A Note from Ross Hall

Dear GW friends and colleagues,
Barbara Lee Bass, MD, Vice President for Health Affairs, Dean, GW School of Medicine and Health Sciences, Professor of Surgery, and CEO of The GW Medical Faculty Associates

Since joining the George Washington University (GW) School of Medicine and Health Sciences and The GW Medical Faculty Associates in January, 2020 has been a whirlwind of activity. While it has not exactly been the kind of activity I was expecting, it has definitely been filled with exciting and daunting new experiences. In the articles of this online magazine, you will read about many of the obstacles we have faced and how we’ve worked to clear them together, one by one.

In this letter, I want to focus on the future. I want to share the incredible momentum and energy I feel from our researchers, our learners, and our health care teams. I am inspired by their optimism, their innovation, and their drive to ensure that service to our patients, in each of our professional domains, always come first. And, while we can’t predict the future, I can tell you that we do envision extraordinary things for our great institution.

Not long ago, we welcomed many of our students back to the clinics and classrooms. Though our campus and educational environments do not look quite like last year, the new academic year has taken on a resilient form of its own! Our students returned to the clinics for rotations and we are rolling out innovative virtual and hybrid programming to deliver on our mission to educate a diverse workforce of tomorrow’s leaders in medicine, science, and health sciences.

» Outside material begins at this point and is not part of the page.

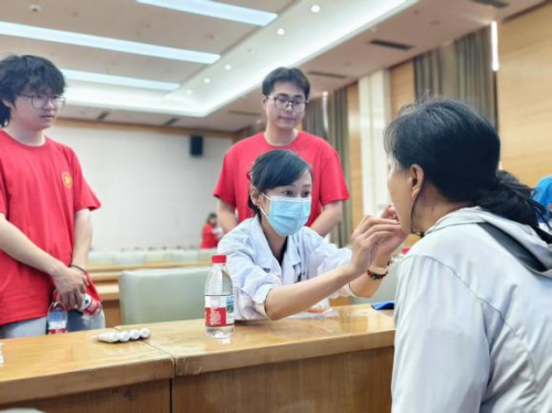 在義診環節,由3名專家領銜、8名博碩士研究生組成的服務團隊分設檢查區、咨詢臺與資料發放點。
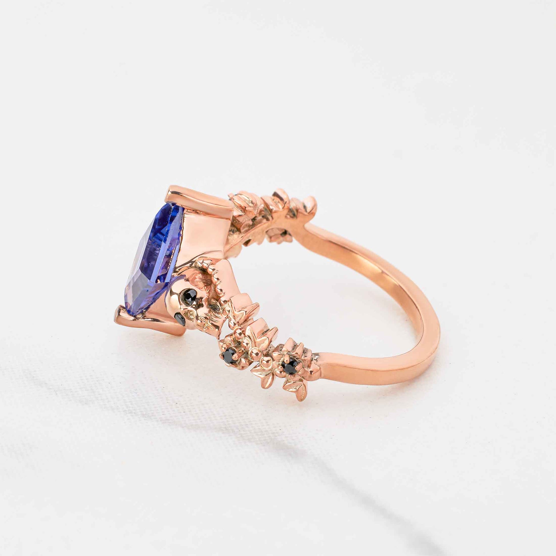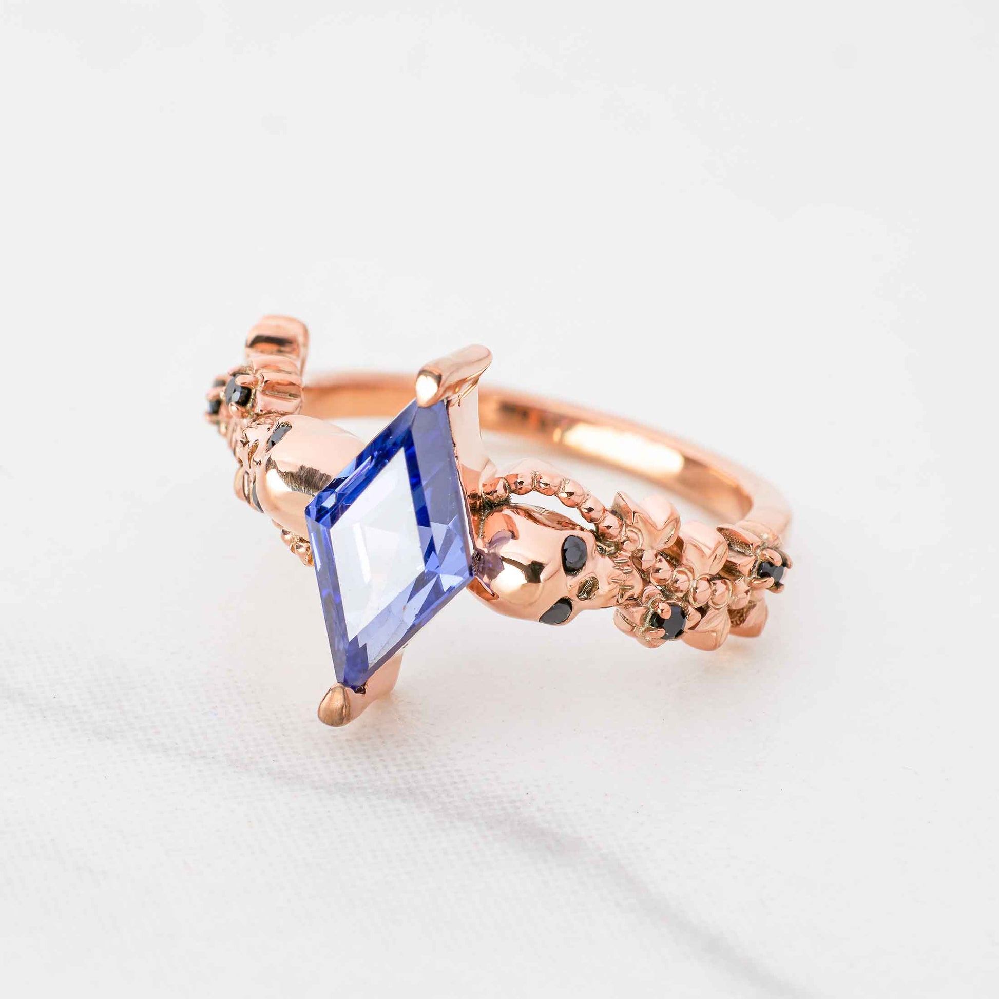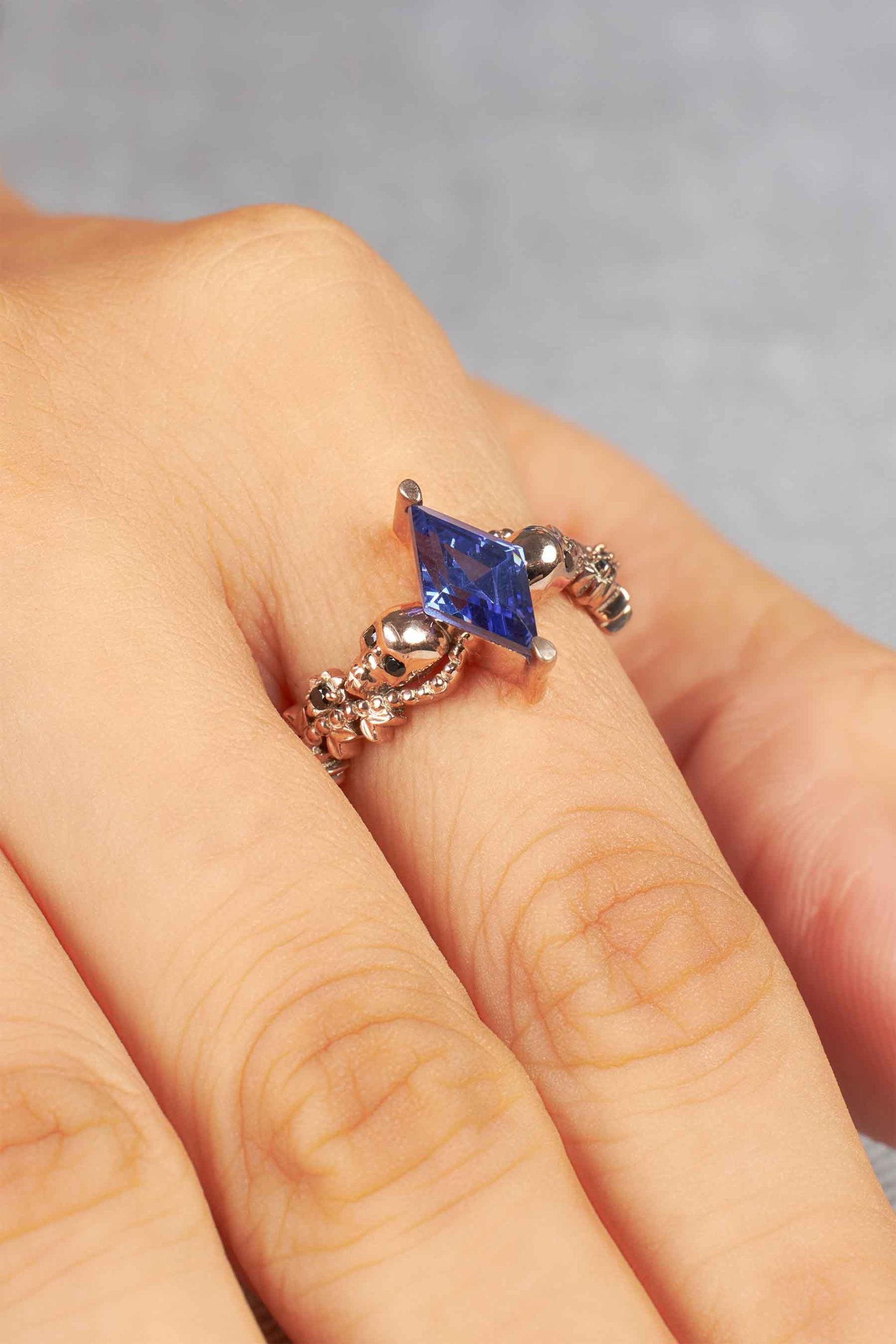 Floral Art Deco Skull Ring Blue Titanic Gemstone Kite Cut Ring

And, while COVID-19 has put a damper on so many aspects of our lives, in health care it has created a “Super Bowl” of innovation and advances in critical care and unleashed a remarkable level of discovery and translational applications in our clinics and laboratories. Our researchers and doctors have already learned so much about this disease, and we will continue to learn as active participants in the search for treatments and a vaccine. All facets of the scientific community are concurrently studying this virus, and discoveries and technologies are quickly emerging. This is a crucial moment in medicine – we are truly living in historic times and I am mindful that for the next generation of health care providers we are creating here at SMHS, the impact of this pandemic will shape the arc of their careers for decades ahead.

The COVID-19 pandemic has also highlighted the vast inequity that remains in our nation for people of color. We have seen a disproportionate disease burden on these communities, as they have been harmed by COVID-19 both in rates of infection and severity of disease and deaths. These factors are driven by the wide array of structural inequities in housing, employment options, health care access, and many other measures – and it is a priority for us, as individuals and as an institution, to work to remedy these disparities. Additionally, our community has been shaken by the persistent racial injustice in our nation, evidenced on many fronts with tragic losses of black men and women. These events have shaken of our community , and served as a catalyst for change at our institution. We are committed to working to resolve these inequities and to intercept the harmful effects of ongoing racism with the formation of the GW academic medical enterprise’s Anti-Racism Coalition to foster anti-racism in our community and to influence national and local policies through advocacy.

We will emerge from this better than we were before, and I know the horizon is bright. I have said before, we are an institution with big goals, high expectations, and important missions. Through our shared purpose and recognition of our unique opportunity to serve our communities, we will accomplish all we set out to do.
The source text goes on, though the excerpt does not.